I asked Fr. Robert Barron to write a book on Eucharist, and when he sent me the manuscript I saw that the first two chapters were about a Danish movie called Babette’s Feast (1987). I got on the phone. “Bob, are you nuts? Nobody wants to buy a book called Eucharist and then read about a foreign movie that knocked your socks off but will never appear at a theater near them!”
“It’s on cassette now,” he told me. “Rent it. Please.”
Those chapters are still there. My socks are somewhere in the corner of Cinema Leach.
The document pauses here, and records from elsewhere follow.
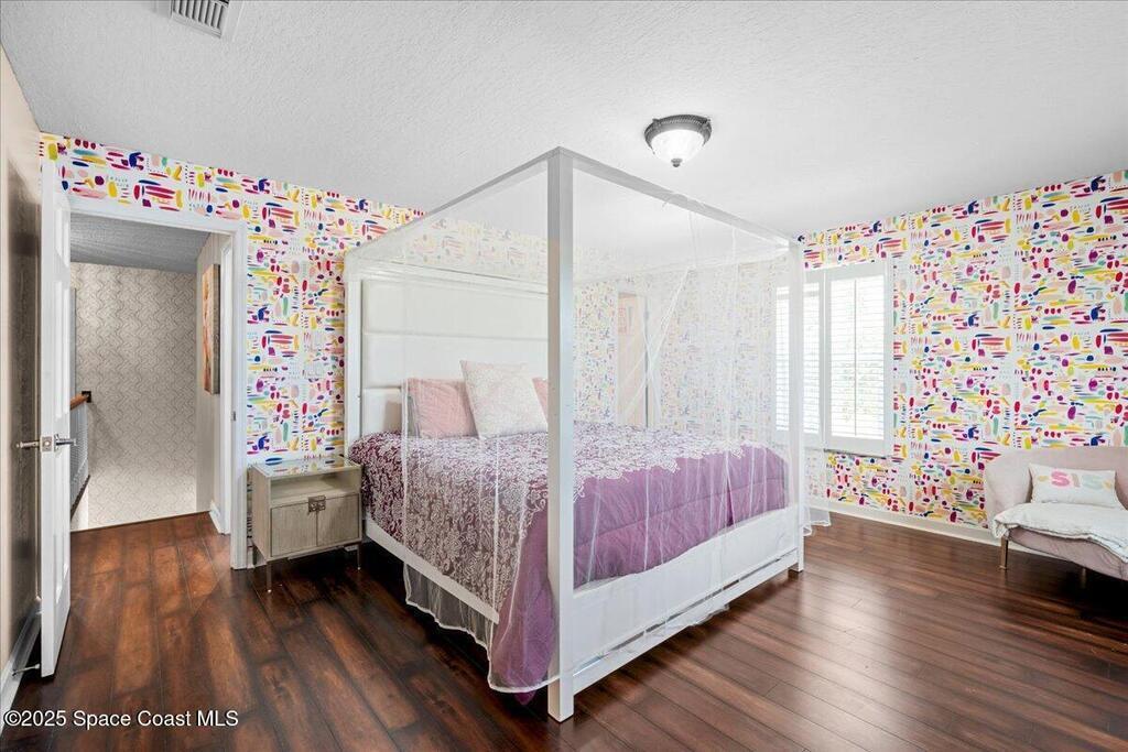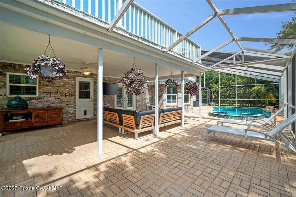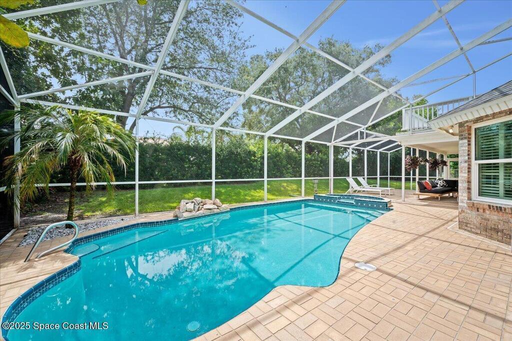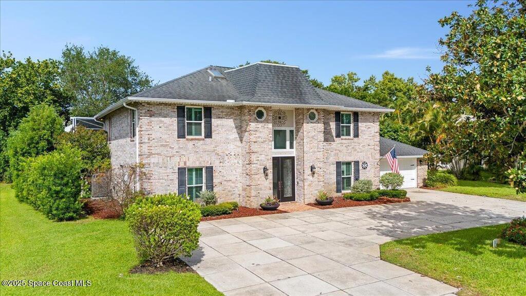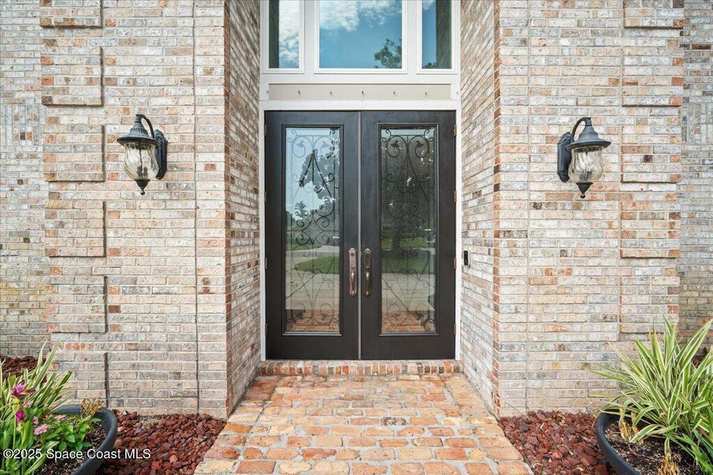 Welcome to Woodbridge, one of Suntree's most exclusive communities, known for its charming covered bridge entrance and custom estates. This unique 2-story French Provincial brick home features a circular drive with large concrete pavers and a mature magnolia, leading to an oversized 2-car garage with golf cart space. Inside, 8' French doors open to hardwood floors, travertine tile, and a chef's kitchen with solid wood cabinetry, quartz counters, induction cooktop, double ovens, and center island. Entertaining is easy with a 200-bottle wine fridge and built-in kegerator. Upstairs, the primary suite offers 4 custom closets, a beautifully updated bath with walk-in shower, dual vanities, and private turf-covered balcony overlooking the heated pool, spa, and waterfall. Enjoy the spacious lanai with covered seating and grill area. Roof 2015, HVACs 2020/2010, WH 2016, impact windows 2018, foam attic insulation, hurricane shutters, and Vivint security system.
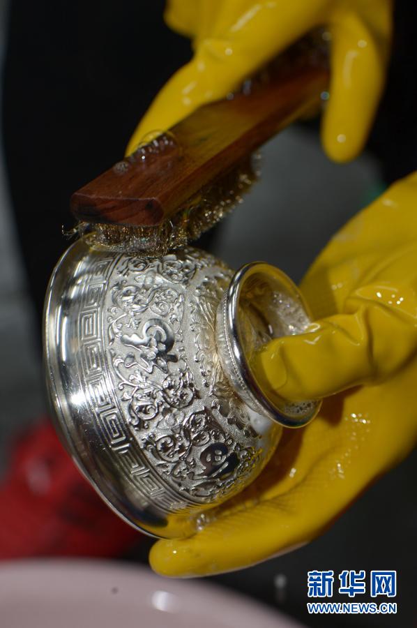11月17日,工人在贵州省丹寨县国春银饰扶贫就业工坊赶制银质碗。新华社记者 杨楹 摄
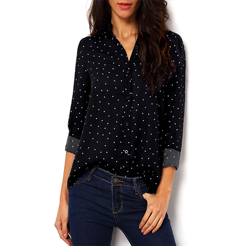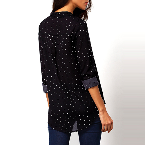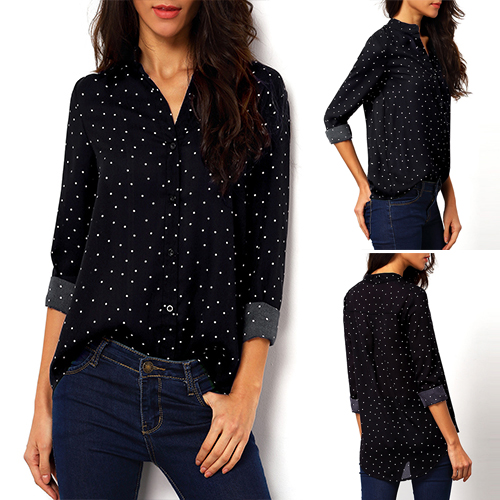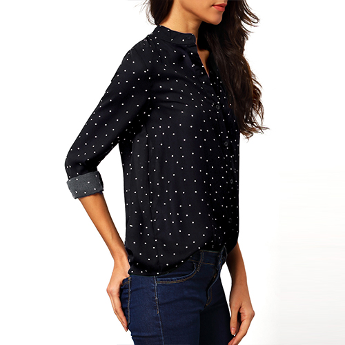 See-through style,with dots printed details,alluring yet chic and stylish. Tailored with long sleeve,stand collar and breezy chiffon
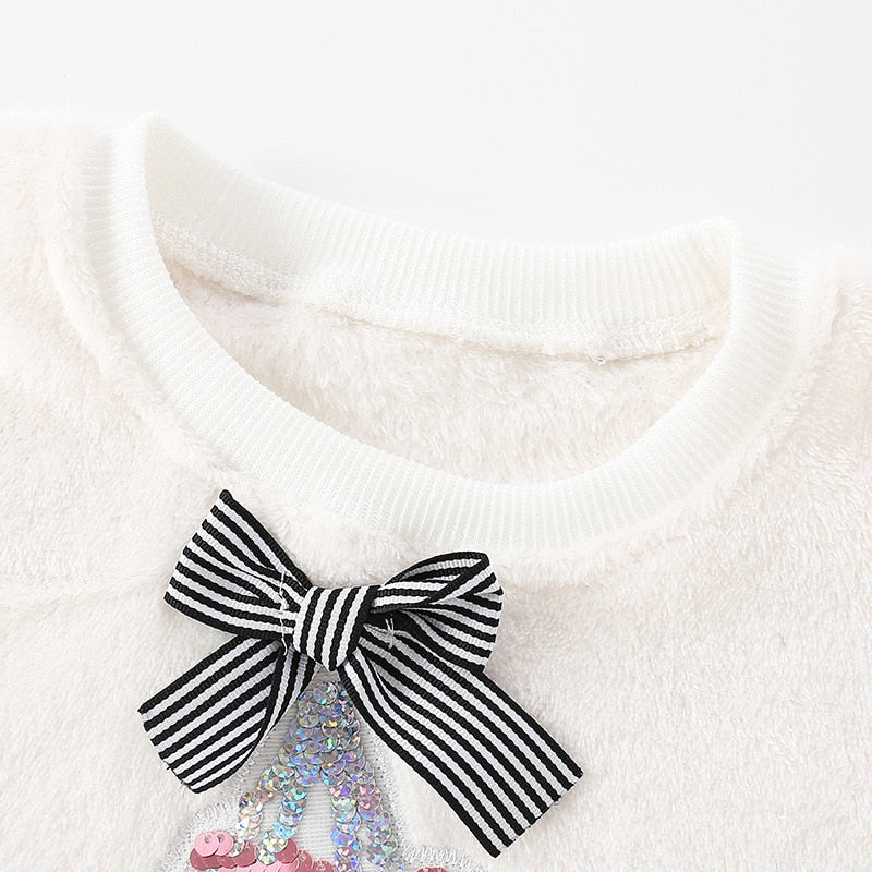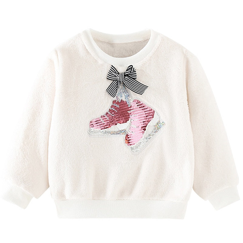 Dívčí teplá mikina v bílé barvě s teniskami a flitry .
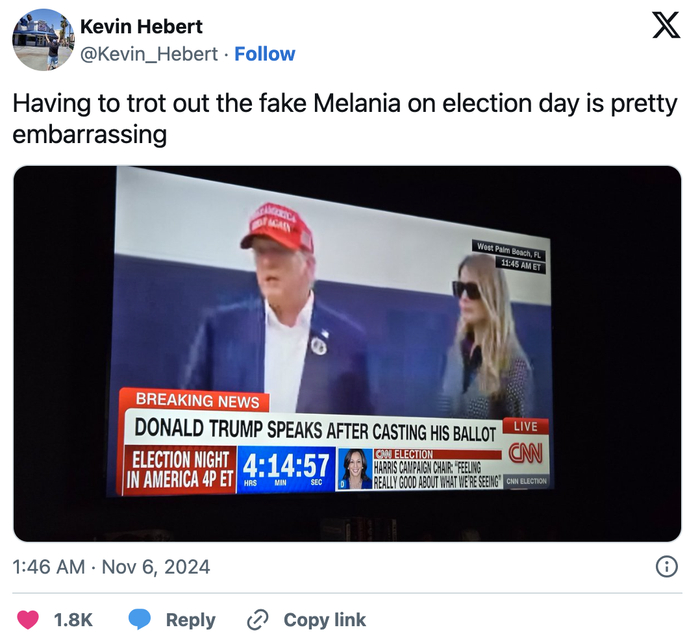 网友甚至怀疑,11月5日现身在佛罗里达州棕榈滩的莫顿和芭芭拉·曼德尔娱乐中心的是假梅拉尼娅。
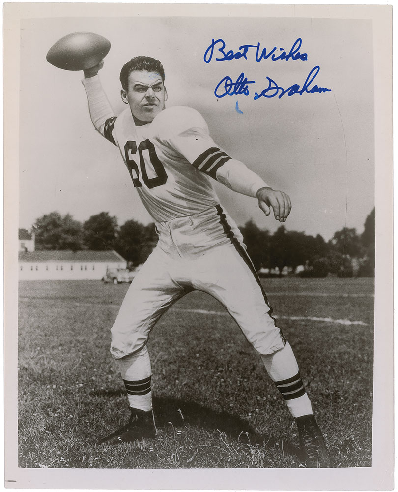 Identical set of three glossy 8 x 10 photos showing Graham posing in his uniform, his arm locked and loaded for a pass, each signed in blue felt tip, “Best Wishes, Otto Graham.” In overall fine condition, with trivial creasing and surface impressions, and a stray ink mark and slight brushing to the signature on one photo. Pre-certified PSA/DNA.

Babette’s Feast is about a mysterious woman who comes to an isolated village and becomes a housekeeper for two never-married sisters. Seventeen years later she wins the lottery. Before she leaves the village, she prepares a lavish dinner for the two sisters and all the people in their small church, who so often could not get along with each other. As you watch, you feel the tomatoes being sliced, smell the roast beef in the oven, and taste the vintage wine. You are a guest at the table. At the end of the meal another guest speaks:
In our human foolishness and short-sightedness we imagine that grace is finite…. But the moment comes when our eyes are opened, and we come to realize that grace is infinite. Grace, my friends, demands nothing of us but that we shall await it with confidence and acknowledge it in gratitude… Grace takes us all to its bosom and declares amnesty.
That little miracle is near the end of the movie. Bigger miracles (that will blow your socks off) come one after another.
Bob Barron knew. Babette’s Feast is a beautiful movie, one about eucharist.